In 2018, GlobalFoundries shifted its focus from developing cutting-edge sub-10nm process technologies to concentrating on specialty process technologies, citing financial challenges and competition with industry leaders TSMC and Samsung. The company's recent earnings call revealed that some clients are transitioning to other foundries due to faster adoption of sub-10nm technologies than GlobalFoundries anticipated.

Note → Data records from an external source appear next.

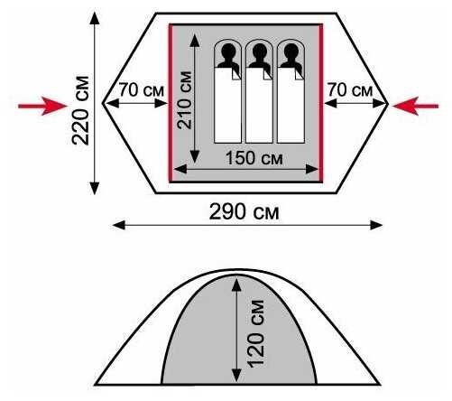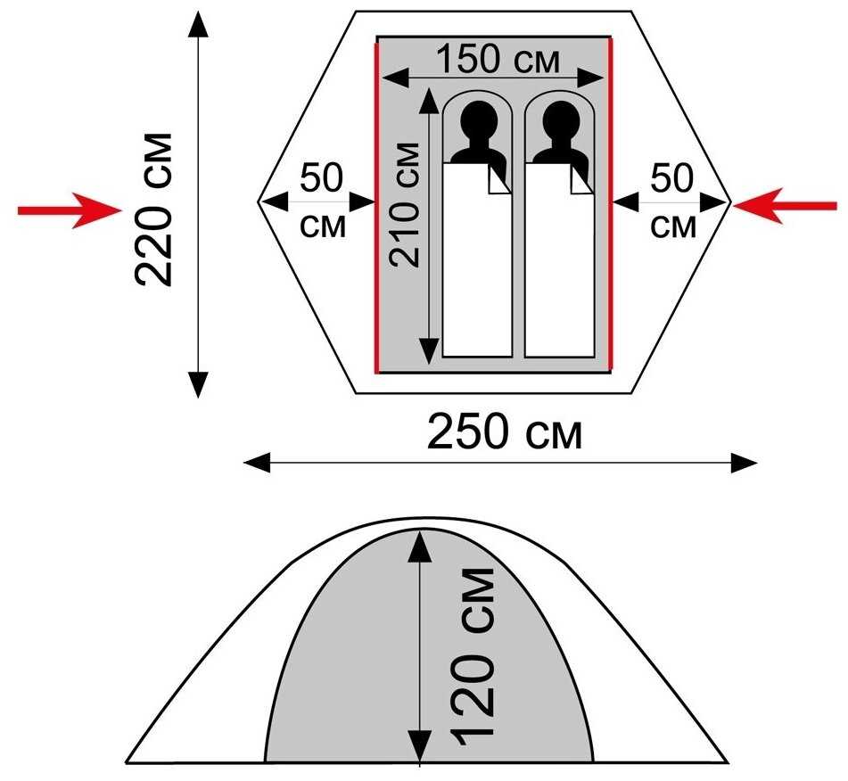 - быстро собирается и разбирается, буквально минут за 5 - - - оба входа/выходы расположены не со стороны ног, а по бокам палатки.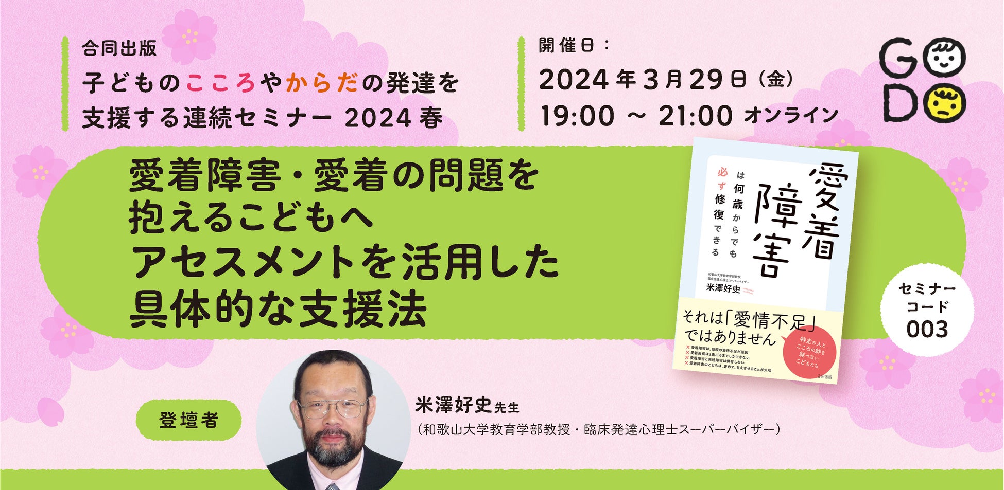 セミナーコード003「愛着障害・愛着の問題を抱えるこどもへ アセスメントを活用した具体的な支援法」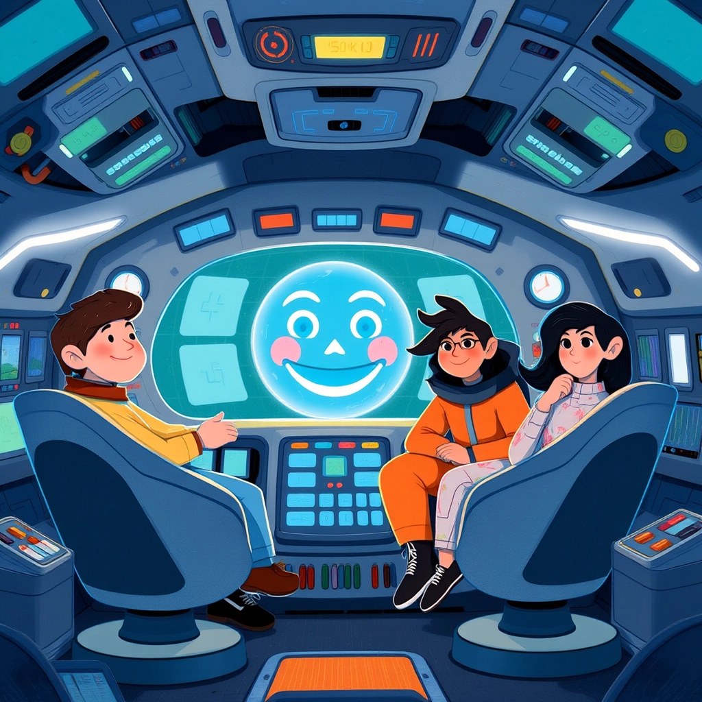 As they stepped inside, the spaceship greeted them with a friendly voice and introduced itself as [Astro-10](25JX2QZR), their guide for the journey of a lifetime.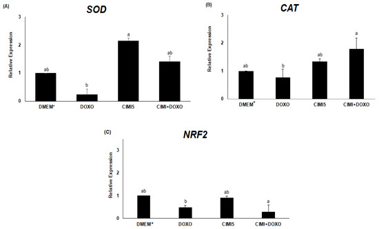 The results showed that ovaries cultured with CIMI alone had increased mRNA levels for SOD than those cultured in presence of DOXO. On the other hand, ovaries cultured with CIMI, DOXO or both CIMI and DOXO had levels of mRNA for SOD similar to those cultured in control medium (Figure 13A). The presence of both CIMI and DOXO significantly increased the levels of mRNA for CAT in cultured ovaries when compared to those cultured in medium containing DOXO (p < 0.05) (Figure 13B). In addition, it is possible to observe that DOXO reduced the mRNA expression for NRF2. On the other hand, ovaries cultured with both CIMI and DOXO showed a lower expression for NRF2 than those culture with only DOXO (p < 0.05) (Figure 13C).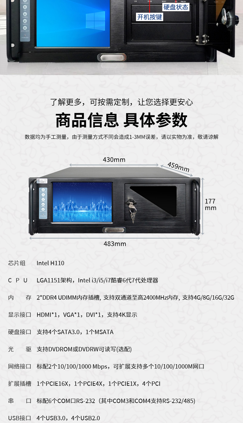 众研工控机 4U一体式 带屏幕 型号:ACP-4001 【酷睿7代】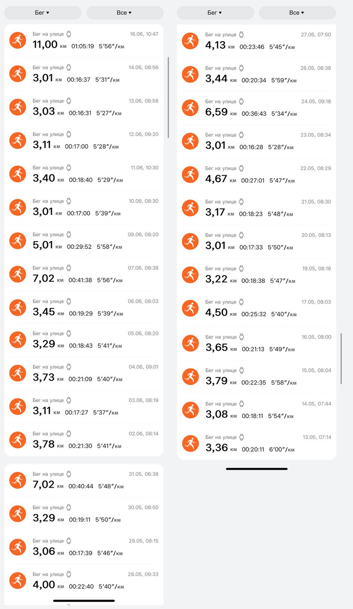 Вот что могу сказать: максимум 8 пробежек прошли на подъёме духа. В их числе мой последний забег на 11 километров — он был реально крутым. Но про него расскажу позже.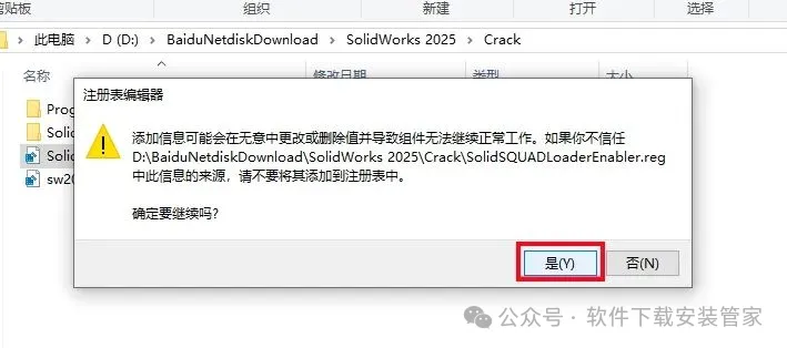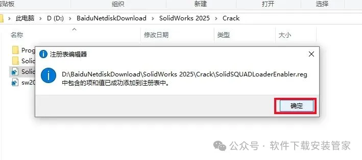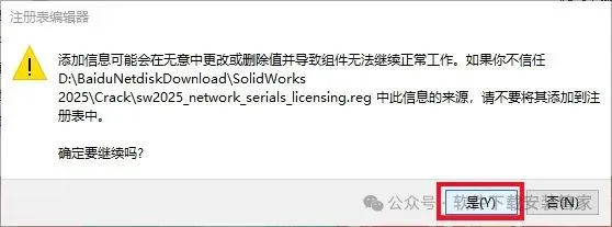 3.打开【sw2025_network_serials_licensing】注册表文件。
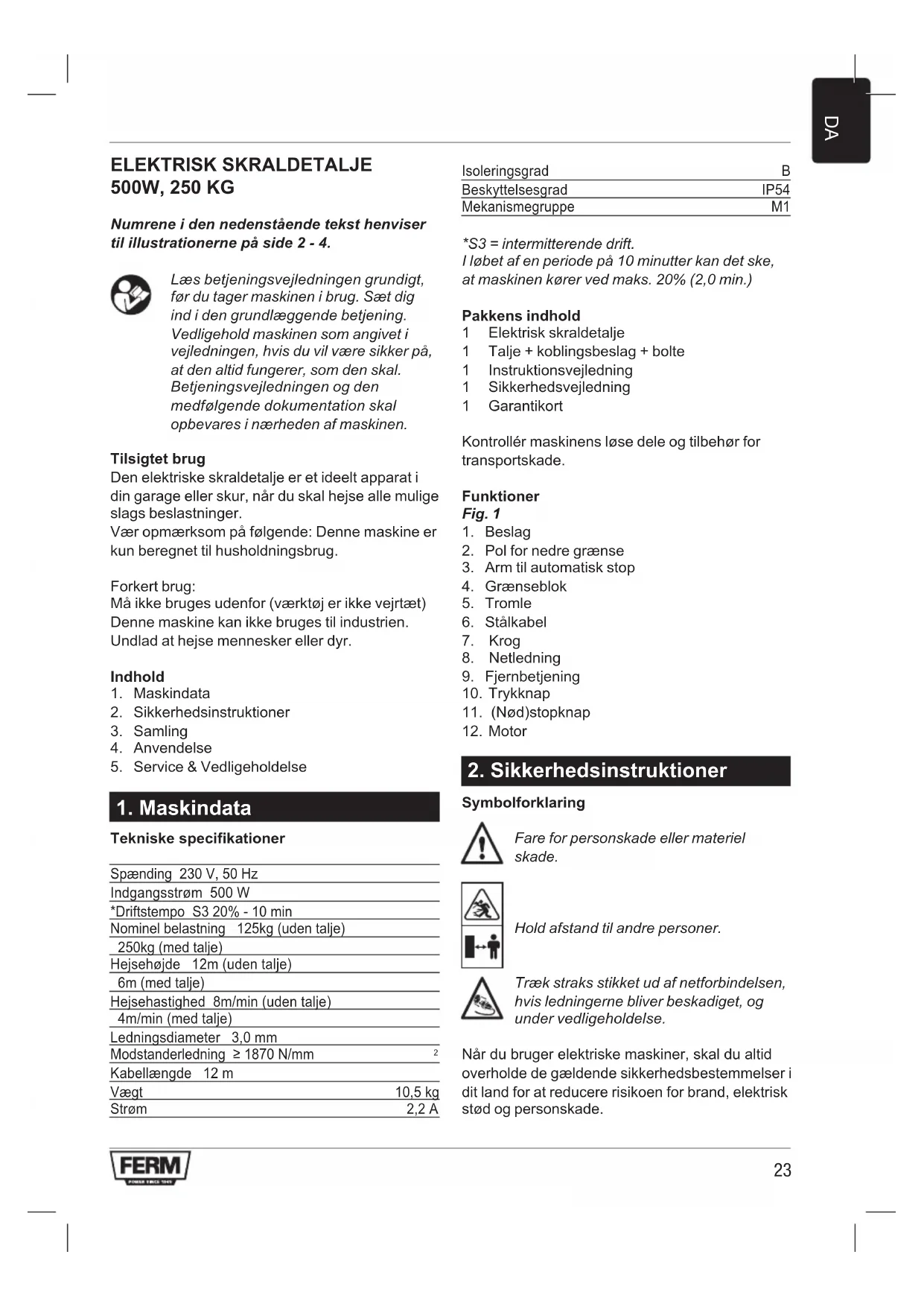 Vigtigt! Hejseapparatets elektriske motor leveres ikke med en mekanisk overbelastningsafbryder (for at undgå uventet og uønsket genstart). Hvis du ikke kan hijse en last, skal du derfor ikke insistere, men lade motoren køle ned.
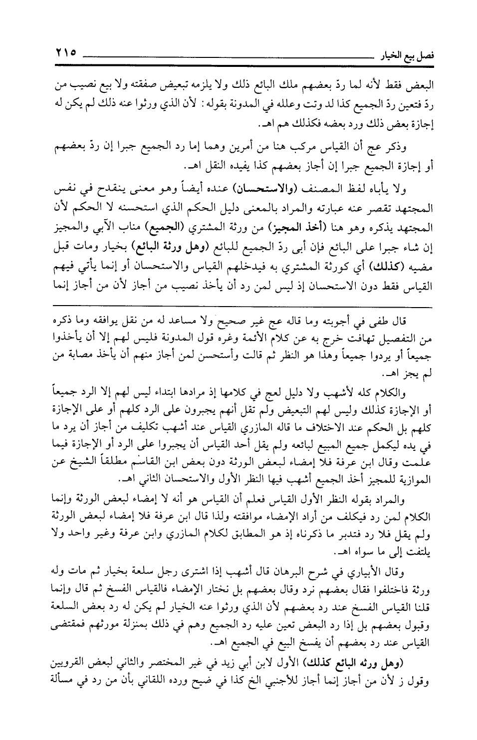 وقال الأبياري في شرح البرهان قال أشهب إذا اشترى رجل سلعة بخيار ثم مات وله ورثة فاختلفوا فقال بعضهم نرد وقال بعضهم بل نختار الإمضاء فالقياس الفسخ ثم قال وإنما قلنا القياس الفسخ عند رد بعضهم لأن الذي ورثوا عنه الخيار لم يكن له رد بعض السلعة وقبول بعضهم بل إذا رد البعض تعين عليه رد الجميع وهم في ذلك بمنزلة مورثهم فمقتضى القياس عند رد بعضهم أن يفسخ البيع في الجميع اهـ.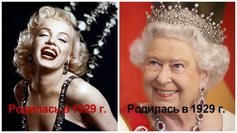 3. Мэрилин Монро и королева Елизавета родились в одном и том же году. На снимке обеим по 30 лет. Лондон, октябрь 1956 г.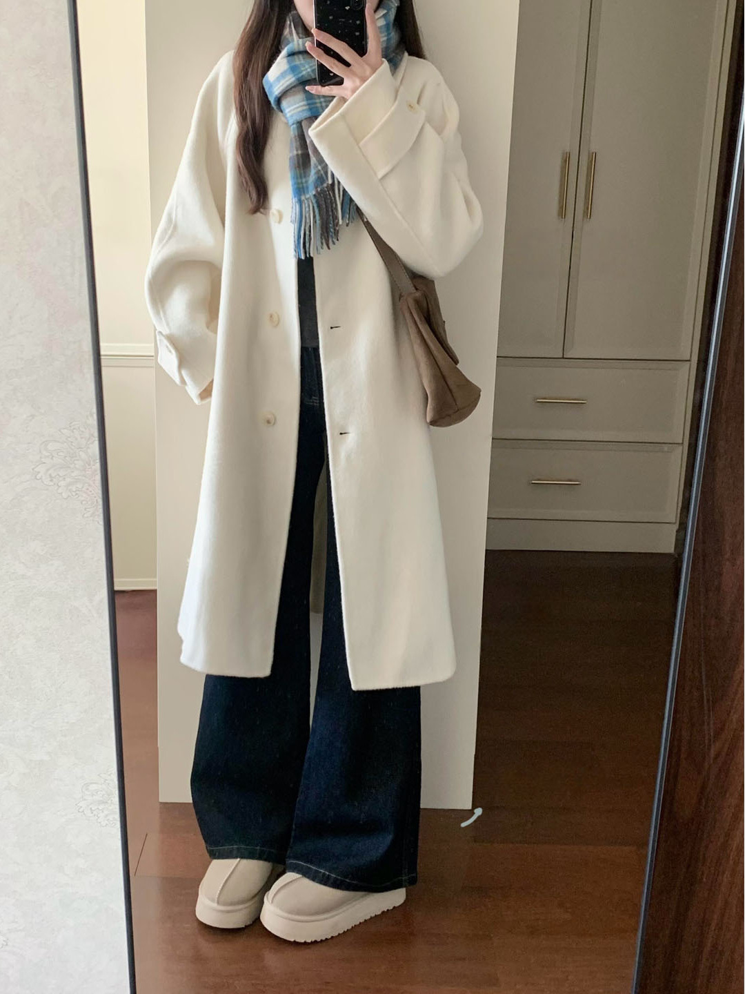 2024秋季韩版小个子呢子大衣中长款燕麦色毛呢外套女赫本风高级感
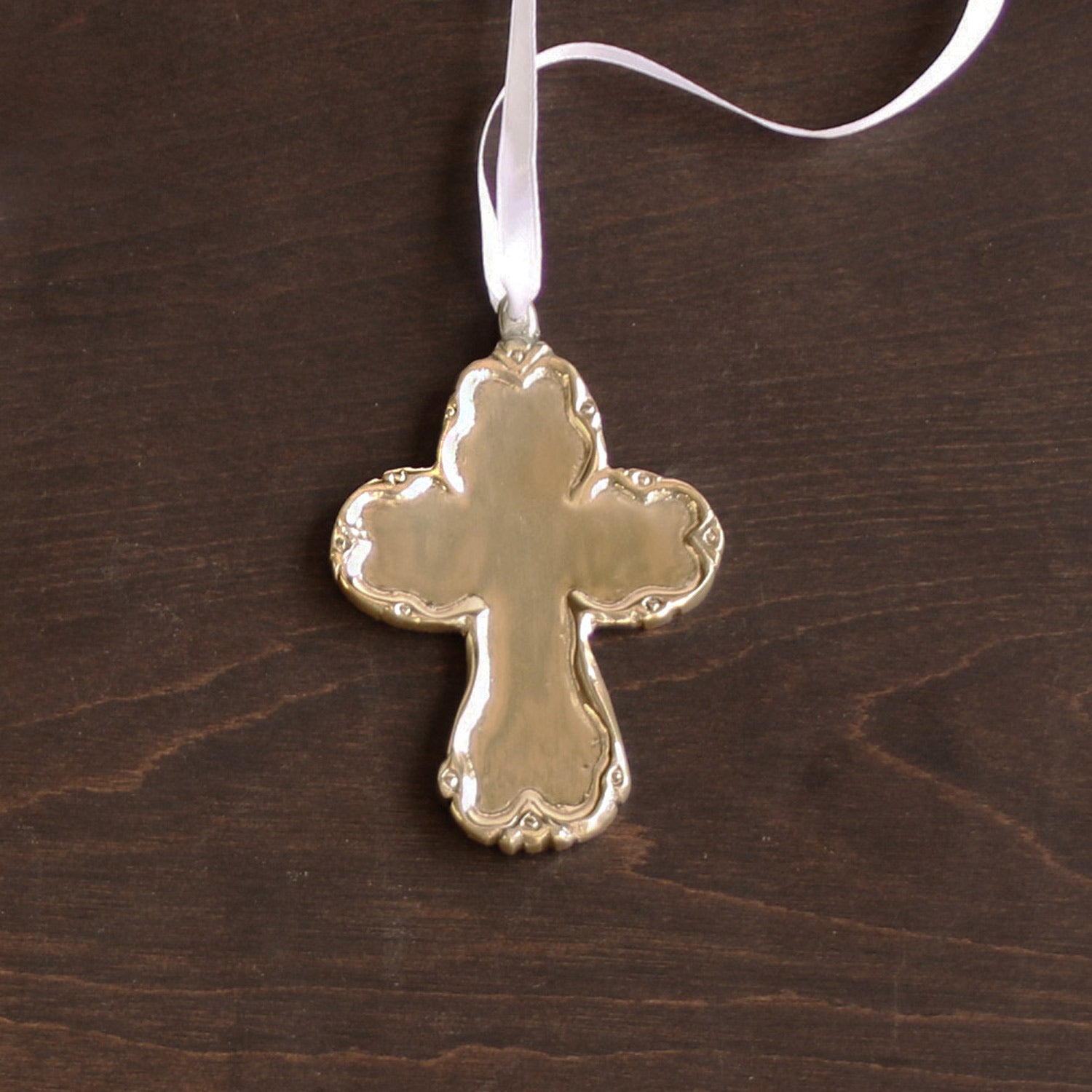 Now available in gold! Delicate and refined, the GIFTABLES Sierra Modern Princess Cross Ornament (Shiny Gold) is composed of tarnish free aluminum with a proprietary gold tone finish. This lovely cross ornament may be hung from the branches of a Christmas tree, suspended from a length of satin ribbon (included), or placed flat on a table as a decorative accent. In search of a unique gift of gold tone metal? They'll enjoy this mini cross ornament from the GIFTABLES Collection no matter the season! It may be engraved for a personalized and heartfelt gift for Christmas or Easter, weddings, christenings, first communions, and other special occasions. Packaged in a lovely gift box. Made of an easy-care, tarnish-free aluminum alloy.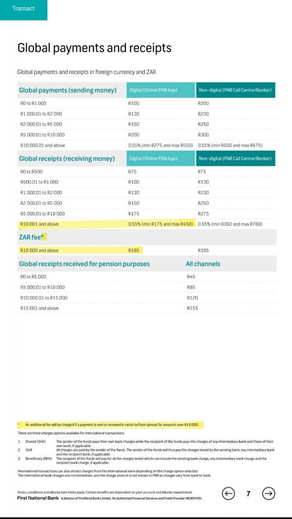 First National Bank doesn’t have a flat rate fee for accepting foreign currency. Instead they adjust their fees based on the amount being received. They also add on an additional fee for large transfers, as you can see in the highlighted areas on the screenshot below.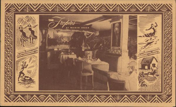 frfpes POSTAGE THE STAMP HERE The unusual and attractive Lanai Room of Waikiki's popular restaurant, The Tropics, across from the Royal Hawaiian Hotel, Honolulu, T. H.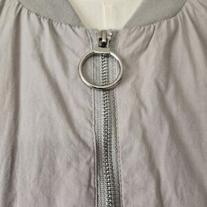 Lightweight cream bomber jacket with a unique back fold design from contemporary luxury brand Kollar. Two magnetic front flap pockets. One inner pocket. Arm zippers. Fully lined in a silky grey.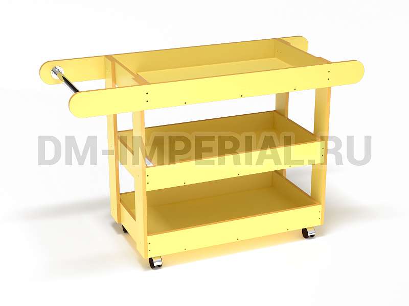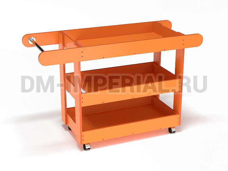 Данный стеллаж выполнен в форме тележки. Габариты конструкции 1280х500х800 мм. Модель небольшая, однако очень вместительная. Тележка оснащается тремя ярусами для различных предметов. Изначально стеллаж проектировался для обустройства спортивных пространств. Такой предмет мебели хорошо подходит для аккуратного и эстетичного хранения мячиков, воланчиков, ракеток, бит и прочего инвентаря. Однако, безусловно, спектр применения тележки гораздо шире.
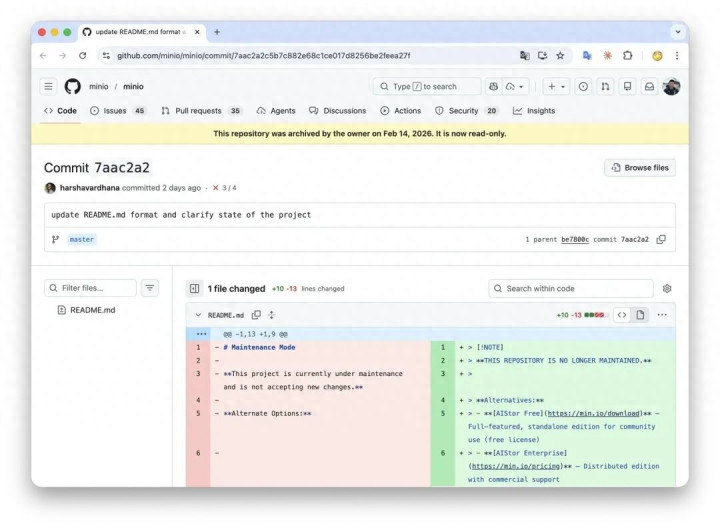 2026年2月12日,MinIO 在 GitHub 首页将情景从"珍视模式"更新为 “不再珍视”,随后认真将仓库存档(Archived)。Read-only,不接受 PR Issue,不接受任何孝顺。 一个领有六万 star、跳跃十亿次 Docker 拉取的容颜,变成了一座数字墓碑。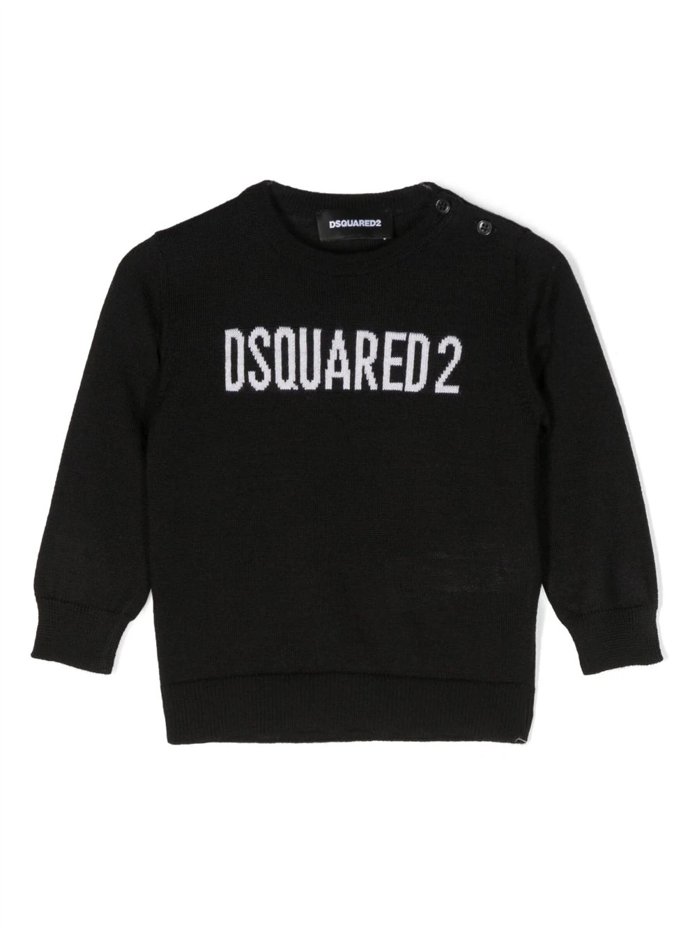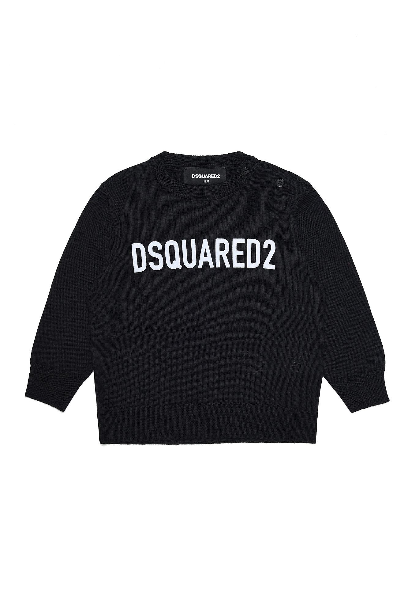 Nero, logo intarsiato, scollo rotondo e maniche lunghe. Gli articoli unisex utilizzano taglie da uomo.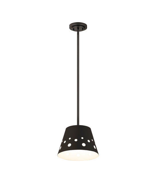 The festive design of the Katie one-light mini-pendant offers inspiring attitude to dress up a casual space. Crafted of matte black finish iron, this delightful fixture features a sleek conical shade with cutout holes that let...Regular price $242.00 -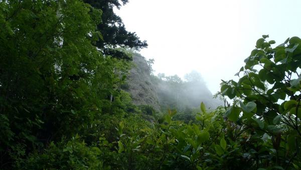 ガスの切れ間にちょっとだけ特徴的な形の頂上が見えました

GlobalFoundries CEO, Tom Caulfield, acknowledged weaknesses in the communications infrastructure and data center segment, attributing this to prolonged inventory digestion and accelerated node migration. Companies often migrate to single-digit nanometer nodes (e.g., 5nm, 7nm) to achieve higher performance, lower power consumption, reduced costs through die size reduction, and a combination of these factors. GlobalFoundries' best available node is its 12LP+ fabrication process, offering improvements over its previous technologies but falling short in transistor density, performance, and power compared to 7nm-class nodes from competitors.

As a result, GlobalFoundries is pivoting its excess capacity towards automotive and smart mobile devices, as well as remaking revenue breakdowns. While communication infrastructure and data center segments saw a decline in revenue share, automotive-related revenue increased significantly, presenting a positive outlook for the company.

The company's 2023 revenue totaled $7.392 billion, declining from $8.108 billion in 2022 due to inventory adjustments and client migration. Despite this, GlobalFoundries remained profitable, earning $1.018 billion in 2023. These shifts in the market and the company's response illustrate the ongoing challenges and adaptations in the semiconductor industry.